Due: Monday, October 17th

Please use R and dplyr to answer the questions below on a separate sheet of paper.

R Studio Server: http://rstudio.saintannsny.org:8787/

Useful Labs:

You may want to look over the following labs to see how you answered similar questions in the past.

Data Transformation: http://rpubs.com/jcross/data_transformation_lahman

More Data Transformation: http://rpubs.com/jcross/data_transformation2

Grouping and Summarizing: http://rpubs.com/jcross/nba_play_by_play

PITCHf/x Data

# Reading in data on pitches from MLB 2016 regular season
p <- read.csv('/home/rstudioshared/shared_files/data/pitchdata2016.csv')

# loading the dplyr library
library(dplyr)

# looking at the first six rows of data
head(p)

The code above loads pitch data from the 2016 MLB regular season. If you’re interested, you can find a good primer on PITCHf/x here https://fastballs.wordpress.com/2010/04/18/a-pitchfx-primer/ but here’s an even briefer description of several of the columns:

Questions

Please use dplyr functions to answer the following questions (filter, group_by, summarize, top_n etc.)

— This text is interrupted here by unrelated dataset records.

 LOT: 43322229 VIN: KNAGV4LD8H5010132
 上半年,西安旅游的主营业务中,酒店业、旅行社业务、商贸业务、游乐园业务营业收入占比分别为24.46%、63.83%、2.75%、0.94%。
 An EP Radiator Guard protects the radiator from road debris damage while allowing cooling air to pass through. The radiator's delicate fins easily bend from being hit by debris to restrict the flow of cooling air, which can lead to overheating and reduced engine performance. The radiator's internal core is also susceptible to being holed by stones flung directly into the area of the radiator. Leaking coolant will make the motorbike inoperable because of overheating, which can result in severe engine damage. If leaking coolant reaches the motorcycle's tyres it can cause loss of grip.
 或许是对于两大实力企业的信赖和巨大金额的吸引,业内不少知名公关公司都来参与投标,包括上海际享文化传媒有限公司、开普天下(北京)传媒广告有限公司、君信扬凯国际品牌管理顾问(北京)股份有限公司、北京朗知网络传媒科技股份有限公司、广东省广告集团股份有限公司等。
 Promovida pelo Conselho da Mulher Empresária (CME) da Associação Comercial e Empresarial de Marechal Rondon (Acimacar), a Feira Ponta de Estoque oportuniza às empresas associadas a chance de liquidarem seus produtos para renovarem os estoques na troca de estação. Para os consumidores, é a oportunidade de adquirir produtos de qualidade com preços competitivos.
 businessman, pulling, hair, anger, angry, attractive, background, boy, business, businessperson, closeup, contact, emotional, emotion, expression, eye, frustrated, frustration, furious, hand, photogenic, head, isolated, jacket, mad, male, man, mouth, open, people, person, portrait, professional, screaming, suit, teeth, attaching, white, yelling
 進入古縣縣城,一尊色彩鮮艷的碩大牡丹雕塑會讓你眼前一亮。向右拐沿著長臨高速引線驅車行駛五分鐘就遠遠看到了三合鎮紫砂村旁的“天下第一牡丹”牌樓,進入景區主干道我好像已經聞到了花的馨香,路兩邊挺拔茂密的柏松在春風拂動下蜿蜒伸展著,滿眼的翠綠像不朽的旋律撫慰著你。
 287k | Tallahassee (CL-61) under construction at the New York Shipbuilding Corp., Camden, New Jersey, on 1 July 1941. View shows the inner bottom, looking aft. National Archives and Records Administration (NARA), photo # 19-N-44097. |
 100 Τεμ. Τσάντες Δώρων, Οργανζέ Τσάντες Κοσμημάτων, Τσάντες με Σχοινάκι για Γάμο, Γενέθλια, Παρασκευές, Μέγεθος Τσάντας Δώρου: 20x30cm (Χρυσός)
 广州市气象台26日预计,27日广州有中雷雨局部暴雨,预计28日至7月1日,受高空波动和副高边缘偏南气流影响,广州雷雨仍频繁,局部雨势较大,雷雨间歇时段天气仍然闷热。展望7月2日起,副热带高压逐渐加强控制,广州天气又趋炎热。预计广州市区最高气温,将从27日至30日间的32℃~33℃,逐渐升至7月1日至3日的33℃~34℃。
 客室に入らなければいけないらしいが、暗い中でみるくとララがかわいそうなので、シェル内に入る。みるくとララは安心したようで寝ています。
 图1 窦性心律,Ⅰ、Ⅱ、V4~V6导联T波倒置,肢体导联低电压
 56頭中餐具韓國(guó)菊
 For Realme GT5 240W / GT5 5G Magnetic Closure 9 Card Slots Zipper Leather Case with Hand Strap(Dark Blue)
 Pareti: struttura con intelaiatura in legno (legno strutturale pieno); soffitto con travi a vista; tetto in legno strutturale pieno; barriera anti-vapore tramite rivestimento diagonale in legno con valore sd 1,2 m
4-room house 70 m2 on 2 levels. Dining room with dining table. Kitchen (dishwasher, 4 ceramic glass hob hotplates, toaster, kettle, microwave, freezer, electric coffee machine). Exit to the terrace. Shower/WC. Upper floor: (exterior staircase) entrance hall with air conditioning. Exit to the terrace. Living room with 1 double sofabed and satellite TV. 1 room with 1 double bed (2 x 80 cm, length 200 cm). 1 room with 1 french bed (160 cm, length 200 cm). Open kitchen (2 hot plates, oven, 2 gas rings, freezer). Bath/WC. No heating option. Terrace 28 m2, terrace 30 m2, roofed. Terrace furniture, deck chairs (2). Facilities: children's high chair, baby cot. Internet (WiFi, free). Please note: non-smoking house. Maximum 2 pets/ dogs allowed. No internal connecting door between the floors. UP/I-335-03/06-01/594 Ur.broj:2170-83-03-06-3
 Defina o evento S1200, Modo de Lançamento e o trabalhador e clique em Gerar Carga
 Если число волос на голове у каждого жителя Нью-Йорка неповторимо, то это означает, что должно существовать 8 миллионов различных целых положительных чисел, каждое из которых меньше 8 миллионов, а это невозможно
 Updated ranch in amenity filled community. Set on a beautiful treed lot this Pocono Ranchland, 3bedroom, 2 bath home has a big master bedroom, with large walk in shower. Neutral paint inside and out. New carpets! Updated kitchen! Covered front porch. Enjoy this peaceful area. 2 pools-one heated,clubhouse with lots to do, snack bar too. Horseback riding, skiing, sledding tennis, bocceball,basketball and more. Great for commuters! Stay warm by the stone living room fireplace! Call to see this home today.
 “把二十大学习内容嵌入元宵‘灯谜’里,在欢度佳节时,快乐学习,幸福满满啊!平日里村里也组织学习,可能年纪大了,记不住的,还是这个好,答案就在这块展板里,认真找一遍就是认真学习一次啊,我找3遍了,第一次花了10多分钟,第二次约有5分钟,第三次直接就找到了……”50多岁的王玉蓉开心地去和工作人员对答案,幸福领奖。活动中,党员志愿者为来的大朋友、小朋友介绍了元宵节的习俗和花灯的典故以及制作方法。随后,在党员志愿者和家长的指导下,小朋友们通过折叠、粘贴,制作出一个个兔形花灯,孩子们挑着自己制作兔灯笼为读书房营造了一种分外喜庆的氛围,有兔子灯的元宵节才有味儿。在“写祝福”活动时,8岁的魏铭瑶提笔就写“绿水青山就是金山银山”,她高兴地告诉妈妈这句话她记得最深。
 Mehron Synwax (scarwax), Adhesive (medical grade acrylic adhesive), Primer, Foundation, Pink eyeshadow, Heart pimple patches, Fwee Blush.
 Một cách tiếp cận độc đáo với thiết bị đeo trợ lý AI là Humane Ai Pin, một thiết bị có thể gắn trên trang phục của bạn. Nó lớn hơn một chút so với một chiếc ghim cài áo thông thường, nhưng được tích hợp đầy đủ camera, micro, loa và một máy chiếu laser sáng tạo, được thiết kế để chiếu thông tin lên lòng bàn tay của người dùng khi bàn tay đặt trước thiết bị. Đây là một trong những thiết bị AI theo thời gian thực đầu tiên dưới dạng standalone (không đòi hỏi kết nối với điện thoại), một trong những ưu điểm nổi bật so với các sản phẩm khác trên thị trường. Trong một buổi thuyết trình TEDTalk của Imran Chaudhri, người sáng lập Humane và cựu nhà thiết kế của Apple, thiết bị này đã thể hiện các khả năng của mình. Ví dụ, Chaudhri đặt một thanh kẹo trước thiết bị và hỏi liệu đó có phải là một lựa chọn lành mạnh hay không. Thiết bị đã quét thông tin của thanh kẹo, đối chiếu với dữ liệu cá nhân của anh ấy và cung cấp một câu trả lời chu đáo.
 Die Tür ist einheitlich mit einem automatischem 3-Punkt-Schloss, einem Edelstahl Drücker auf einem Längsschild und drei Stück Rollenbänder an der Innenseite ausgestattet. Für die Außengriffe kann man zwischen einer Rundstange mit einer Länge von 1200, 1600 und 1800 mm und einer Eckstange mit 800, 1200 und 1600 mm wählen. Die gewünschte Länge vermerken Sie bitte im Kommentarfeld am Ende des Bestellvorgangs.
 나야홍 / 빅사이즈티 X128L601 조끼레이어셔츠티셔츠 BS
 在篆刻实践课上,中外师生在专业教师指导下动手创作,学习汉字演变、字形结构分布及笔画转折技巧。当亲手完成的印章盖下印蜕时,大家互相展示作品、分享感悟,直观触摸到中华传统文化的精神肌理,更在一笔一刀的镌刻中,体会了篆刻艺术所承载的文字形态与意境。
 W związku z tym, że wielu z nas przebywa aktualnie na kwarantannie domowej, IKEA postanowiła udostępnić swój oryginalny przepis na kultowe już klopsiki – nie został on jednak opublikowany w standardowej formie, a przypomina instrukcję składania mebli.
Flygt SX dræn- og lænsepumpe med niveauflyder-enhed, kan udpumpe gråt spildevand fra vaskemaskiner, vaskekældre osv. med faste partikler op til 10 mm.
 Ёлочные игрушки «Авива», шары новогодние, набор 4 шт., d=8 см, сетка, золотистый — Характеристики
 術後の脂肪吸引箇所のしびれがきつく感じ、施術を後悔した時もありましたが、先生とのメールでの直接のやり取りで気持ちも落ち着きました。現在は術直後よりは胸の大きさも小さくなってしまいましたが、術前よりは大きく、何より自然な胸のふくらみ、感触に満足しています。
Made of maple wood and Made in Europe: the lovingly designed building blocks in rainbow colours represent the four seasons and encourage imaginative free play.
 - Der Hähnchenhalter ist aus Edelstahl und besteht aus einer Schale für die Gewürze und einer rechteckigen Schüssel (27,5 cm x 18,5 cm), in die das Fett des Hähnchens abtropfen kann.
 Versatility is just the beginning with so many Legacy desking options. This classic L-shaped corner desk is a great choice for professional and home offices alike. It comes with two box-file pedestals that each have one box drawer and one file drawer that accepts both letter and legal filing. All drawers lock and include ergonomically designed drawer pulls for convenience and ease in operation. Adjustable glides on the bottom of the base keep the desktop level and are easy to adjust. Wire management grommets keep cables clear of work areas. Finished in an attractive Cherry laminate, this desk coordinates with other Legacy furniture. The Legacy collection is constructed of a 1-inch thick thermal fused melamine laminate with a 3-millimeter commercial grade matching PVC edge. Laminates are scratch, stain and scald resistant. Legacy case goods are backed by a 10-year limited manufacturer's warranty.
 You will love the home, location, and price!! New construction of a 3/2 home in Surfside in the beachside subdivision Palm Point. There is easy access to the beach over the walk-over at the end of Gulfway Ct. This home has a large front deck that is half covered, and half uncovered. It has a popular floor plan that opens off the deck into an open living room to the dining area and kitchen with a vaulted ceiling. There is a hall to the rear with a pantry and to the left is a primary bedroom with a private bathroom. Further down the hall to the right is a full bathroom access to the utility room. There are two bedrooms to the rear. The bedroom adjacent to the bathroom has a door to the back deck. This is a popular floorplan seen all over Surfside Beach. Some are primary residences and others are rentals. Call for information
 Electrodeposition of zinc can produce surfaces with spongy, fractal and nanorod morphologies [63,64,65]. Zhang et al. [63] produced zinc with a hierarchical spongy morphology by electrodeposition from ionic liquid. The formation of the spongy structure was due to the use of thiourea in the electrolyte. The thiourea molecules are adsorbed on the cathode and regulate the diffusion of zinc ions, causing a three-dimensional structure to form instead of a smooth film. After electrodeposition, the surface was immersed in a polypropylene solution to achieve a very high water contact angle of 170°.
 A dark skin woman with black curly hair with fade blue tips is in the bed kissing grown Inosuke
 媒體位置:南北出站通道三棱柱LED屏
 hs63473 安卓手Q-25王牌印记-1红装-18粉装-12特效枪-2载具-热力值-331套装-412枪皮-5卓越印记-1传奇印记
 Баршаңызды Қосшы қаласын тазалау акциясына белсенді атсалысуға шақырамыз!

  1. Find the median start speed for each pitch type (pitch_type). Write the top 3 and bottom 3 pitch types by median start speed.

  2. Find the median start speed for every ball/strike count. What count has the highest median pitch speed? What count has the lowest median pitch speed?

  3. Limiting the data to pitches in the fastball group (pitch_group==“fastball”), in what inning do pitchers throw the fastest?

BONUS: When looking for the innings in which pitchers throw the hardest and the softest in question #3, your results included some extra innings that are rarely reached. Try answering question #3 again but this time limiting your results to innings in which at least 500 fastballs were thrown.